Each preset configures the following when you set enabled: true:
- source_to_pay: Sourcing projects, RFx events, contract management, catalogs, and vendor scorecards that feed into the existing P2P document flow.
- financial_reporting: Balance sheets, income statements, cash flow statements, management KPIs, and budget vs. actual variance analysis.
- hr: Payroll runs based on employee master data, time and attendance tracking, and expense report generation with policy violation injection.
- manufacturing: Production orders, WIP tracking, standard costing with labor and overhead, and routing operations.
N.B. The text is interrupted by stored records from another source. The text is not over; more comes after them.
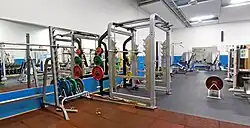 Most health clubs have a main workout area, which primarily consists of free weights including dumbbells and barbells and the stands and benches used with these items and exercise machines, which use gears, cables and other mechanisms to guide the user's exercise. This area often includes mirrors so that exercisers can monitor and maintain correct posture during their workout. A gym that predominantly or exclusively consists of free weights (dumbbells and barbells), as opposed to exercise machines, is sometimes referred to as a black-iron gym, after the traditional color of weight plates.[2]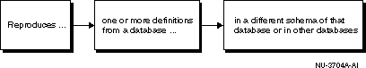 Reproduces one or more definitions from a database in that database or in another database.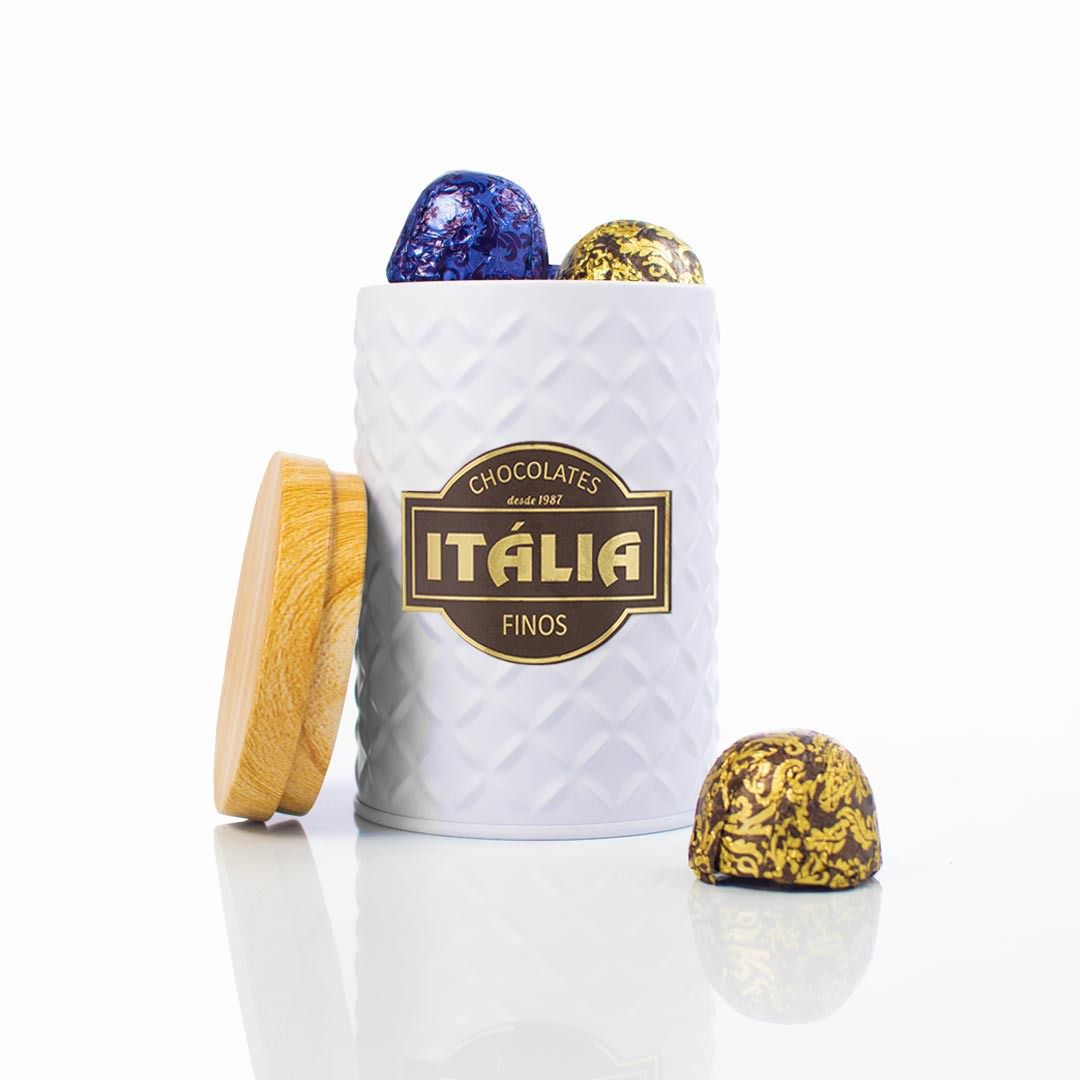 Lata Redonda Branca com 12 bombons truffados sortidos (truffado sabor chocolate branco, ao leite, amargo e avelã) com 204g.

- sales_quotes: Quote-to-order pipeline that feeds into the existing O2C document flow.
Customizing Presets
Start with a preset and customize:
# Generate preset
datasynth-data init --industry manufacturing -o config.yaml
# Edit config.yaml
# - Adjust transaction counts
# - Add companies
# - Enable additional features
# Validate and generate
datasynth-data validate --config config.yaml
datasynth-data generate --config config.yaml --output ./output
Combining Industries
For conglomerates, use multiple companies with different characteristics:
companies:
- code: "1000"
name: "Manufacturing Division"
volume_weight: 0.5
- code: "2000"
name: "Retail Division"
volume_weight: 0.3
- code: "3000"
name: "Services Division"
volume_weight: 0.2